The IWC Big Pilot’s Watch 5002 could have gone wrong in so many ways that no doctrinaire planning process could have birthed it. The size question was a given, but history posed its own challenge. IWC’s 5002 was a loving and mostly true tribute to the 1940 IWC ref. 431/Type 52 T.S.C., IWC’s version of the widely produced “Beobachtungs-uhren”; the wartime German Luftwaffe was the customer.

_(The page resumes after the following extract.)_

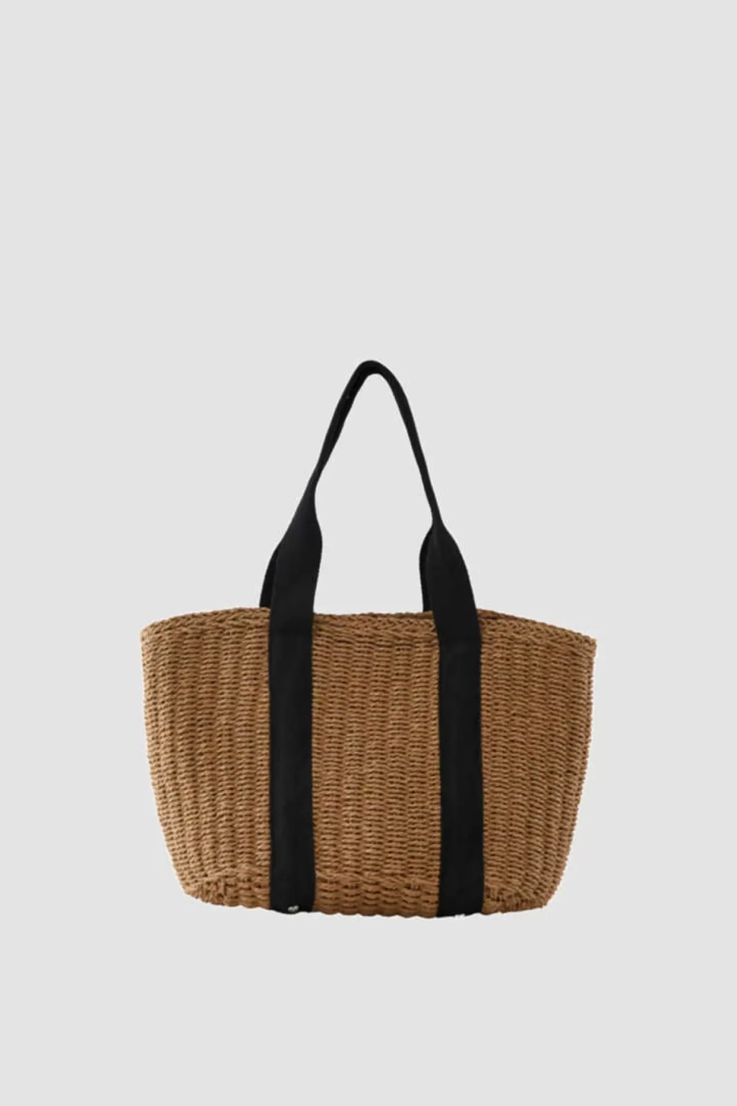 Mala De Palha 23 X 40 X 30, Com Asas De Tira Preta.

Oversized Watches & Success
Panerai’s success proved that Axis associations weren’t necessarily incompatible with sales, but as of 2017, even the PAM folks’ limitless historical tribute series has yet to reissue the WWII German navy’s “Kampfschwimmer” model. IWC wagered that the underlying integrity of the engineering and instrumental purity of its new Big Pilot’s Watch would transcend politics, and IWC bet right. Collectors of all nations and backgrounds warmly embraced IWC’s reborn giant. That was an act of pure faith; there’s no actuarial table for that kind of business calculation.
Finally, IWC’s product planners had the integrity to equip the 2002 Big Pilot’s Watch with a manufacture movement of considerable sophistication and considerable cost. The new millennium witnessed the launch of IWC’s caliber 5000 oversized automatic in-house caliber. This monster movement combined features of the previous cal. 85 (automatic) and 95 (pocket watch) families into a single machine that launched as the world’s largest automatic caliber.
With an expensive architecture, considerable up-front investment in tooling, and deluxe features like a Breguet overcoil, IWC Pellaton winding system, and a 7-day power reserve, the cal. 5000 wasn’t the obvious choice for a giant watch with already long odds of market success. In those days, IWC maintained a good relationship with movement mass-supplier ETA, and a Unitas 6497 pocket watch caliber would have been the natural fit for a huge watch with a solid case back. If automatic winding was required, the same Valjoux 7750-P1 sans chronograph –used by Panerai in its oversized Luminor series – was waiting in the wings.
No matter; IWC forged ahead with its low-percentage play for the style extrovert with a penchant for high horology substance. And because the massive steel 5002 wasn’t Panzer enough, IWC also prepared a platinum version.
The first IWC Big Pilot’s Watch 5002 was a trailblazer. Not only does it continue to belt its rock star rhythm as the current catalog’s reference 5009-12, but it has become an influence to the other IWC Pilot’s Watch models and an aspirational target for IWC collectors. Since 2006, the entire IWC Pilot’s Watch line – conservative Mark models aside – has been reformed since 2006 in the image of the flagship.
With the benefit of hindsight, it’s clear that the luxury watch landscape of the last fifteen years would look dramatically different if the fall of 2001 had put a chill in the step of IWC’s design team.
Cold feet in Schauffhausen that season could have had a domino’s impact on the events of the next two decades. Subsequent 48mm Hublot King Powers, 47-60mm Panerais, 44-48mm Audemars Piguet Royal Oaks, the 44mm Rolex Deepsea Sea-Dweller, Jaeger-LeCoultre’s Master Compressor Extreme series, and Breitling’s legion of 46mm+ offerings owe ref. 5002 a nod of gratitude for their existence. Without the dead reckoning by IWC’s 2002 Große Fliegeruhr, each of these model lines may never have been released – much less known commercial succeß.